Этот превосходный новый перевод Дугласа Смита первых трех томов «История жизни » (части с четвертой по шестую должны выйти в ближайшем будущем) должен вернуть Паустовского нашему вниманию. Предыдущие переводы на английский язык были неуклюжими, плоскими и неточными, но Смит умело уловил непритворную простоту и Тристрам Шенди -подобная дискурсивность прозы Паустовского. Изданная в Москве между 1945 и 1963 годами, книга полна ярких зарисовок персонажей, колоритных инцидентов и остросюжетных виньеток. Отрывки поразительной лирической красоты («багряные угасающие осенние закаты») в сочетании с острыми описаниями учителей, художников и писателей, безымянных пассажиров поездов, крестьян, рыбаков, солдат и священников создают насыщенный портрет России начала ХХ века.
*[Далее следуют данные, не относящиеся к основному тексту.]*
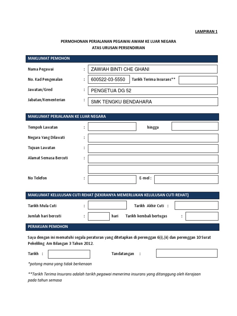 Doc 661739357 Borang Permohonan Perjalanan Ke Luar Negara Lampiran 1 1 Zakwan Wan Academia Edu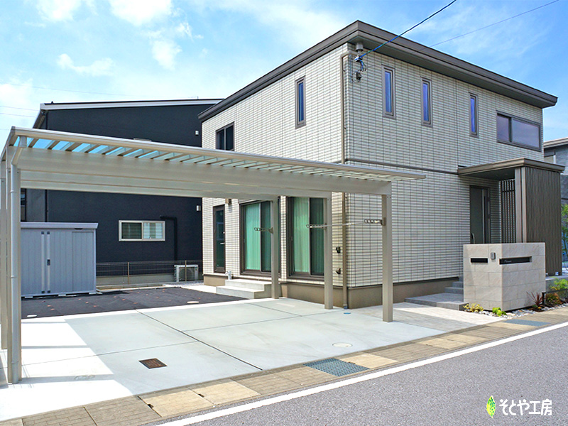 住宅に使われているタイルに対し、門柱には大判のタイルを使うことでメリハリをつけました。 また、表札部分の黒い差し色がアクセントとなり、より引き締まった印象となります。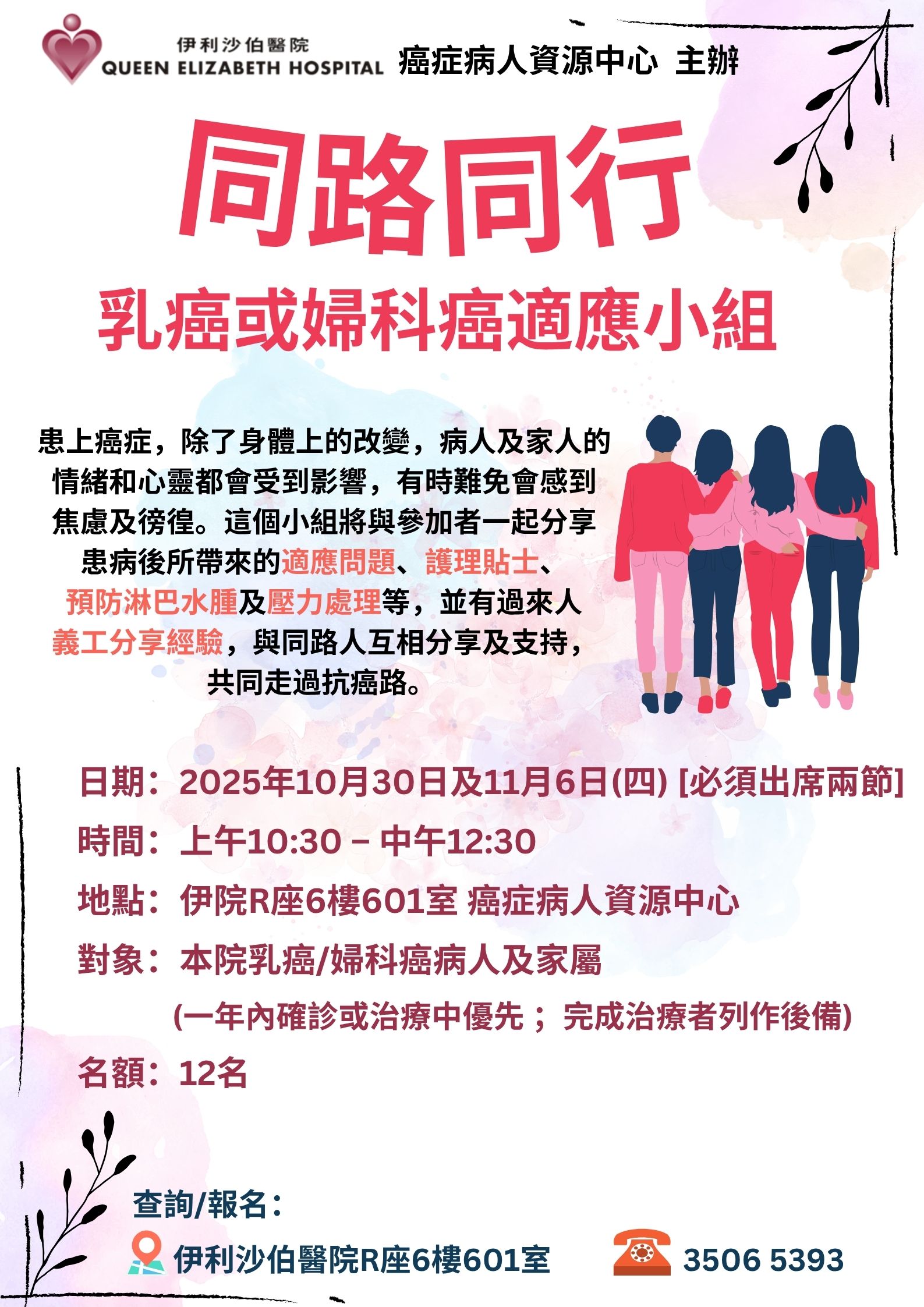 「同路同行」乳癌及婦科癌適應小組 | 本院乳癌/婦科癌病人及家屬 (一年內確診或治療中優先;完成治療者列作後備。) | 與同路人一起分享患病後所帶來的適應問題、治療後護理貼士、預防淋巴水腫及壓力處理等,並有過來人義工分享經驗。 | 12名 | 現已接受報名 | 2025年10月30日及11月6日(四) [必須出席兩節] | 上午10:30-下午12:30 | 伊利沙伯醫院 癌症病人資源中心 | 免費 | 35065393 |

Первый том, «Далекие годы», разворачивается в основном в начале 19 века.Киев 00-х и другие регионы Украины, где вырос Паустовский. Среди его одноклассников по киевской классической гимназии был Михаил Булгаков, украинский буйный ребенок, который использовал металлическую пряжку ремня как «тряпку». (Школа, которую посещал руританское преосвященство короля Сербии Петра I, считалась одной из лучших в Киеве.) Отвергнутый царской имперской армией во время первой мировой войны из-за близорукости, Паустовский служил кондуктором трамвая и санитарный поезд санитар. В эмоционально заряженной прозе он вызывает в воображении ужасы Восточного фронта. «Возле воронки лежала дохлая лошадь, кости которой обглодали вороны-падальщики, а длинные желтые зубы обнажились, словно в смехе». корректор. Он был пьян 1917 революции и приветствовал политический переворот, сопровождавший большевистский переворот. Капитализм с присущими ему конкуренцией и борьбой, наконец, умер, а ленинизм стал новым кредо, которое залечит раны послевоенной Европы.